John Stumpf of Wells Fargo Co (NYSE:WFC) Defeats Amazon (AMZN)’s Bezos To Win CEO Of The Year
Wells Fargo & Co (NYSE:WFC)’s CEO, John Stumpf, defeated two other finalists, including Amazon.com, Inc. (NASDAQ:AMZN)’s head, Jeff Bezos, to clinch Morningstar’s 2015 CEO of the Year award. Stumpf also beat General Electric Company (NYSE:GE)’s Jeff Immelt to claim the award. As surprising as the development might seem for some, Morningstar insists there is every justification to place Stumpf ahead of peers and that many factors were considered in reaching the decision.
Not based on stock performance
Those who expressed surprise at the naming of Wells Fargo & Co (NYSE:WFC)’s Stumpf as the CEO of the Year seemed to compare his bank’s stock performance with that of the companies whose CEOs he beat to claim the award. In 2015, Wells Fargo’s stock descended 1%, Amazon’s rose 118% and GE’s stock jumped 24%. On that basis, Stumpf’s company stock performance didn’t even come near that of his competitors for the award.
However, Morningstar says that there is a huge difference between the best CEO and the best stock.
It turns out Morningstar didn’t base its selection of Wells Fargo & Co (NYSE:WFC)’s chief for the 2015 CEO of the Year award on just a year’s performance. According to Morningstar, Stumpf’s recognition is based on the success of his company in the recent years. He is particularly credited for leading Wells Fargo through a tough period in the financial industry and most of all the expectations he put the interest of customers ahead of profits.
The other thing that impressed Morningstar in Wells Fargo’s Stumpf is how the CEO demonstrated independent thinking in his executions.

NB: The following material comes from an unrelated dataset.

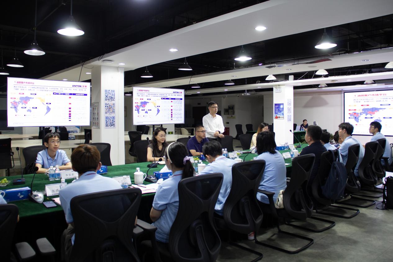 7月30日上午,实践团前往安东油田服务集团(北京)参观学习,深入探讨公司发展历程与企业文化,探讨行业发展趋势、技术创新以及职业规划等议题,获得取相关实践经验和行业见解。在集团技术管理部总经理刘艳的带领下,实践队成员参观了安东石油技术有限公司的工作环境,共同观看安东集团宣传片。集团人力资源部总经理张永华介绍了安东集团的发展历程、企业文化、全球化业务分布和人才培养管理理念等方面内容,向在座同学全方位剖析与介绍安东集团。

Compared with its peers, Wells Fargo & Co (NYSE:WFC) has more than recovered from the Great Recession crisis. The bank’s stock price has gained 35% from mid-2007. In contrast, Bank of America Corp (NYSE:BAC)’s stock remains down 73% over the same period and Morgan Stanley (NYSE:MS)’s stock is still down 64%. Goldman Sachs Group Inc (NYSE:GS) on its part is still down 32% from its pre-recession price. JPMorgan & Case Co. (NYSE:JPM)’s stock is up 10% since mid-2017, but that still trails Wells Fargo’s rise.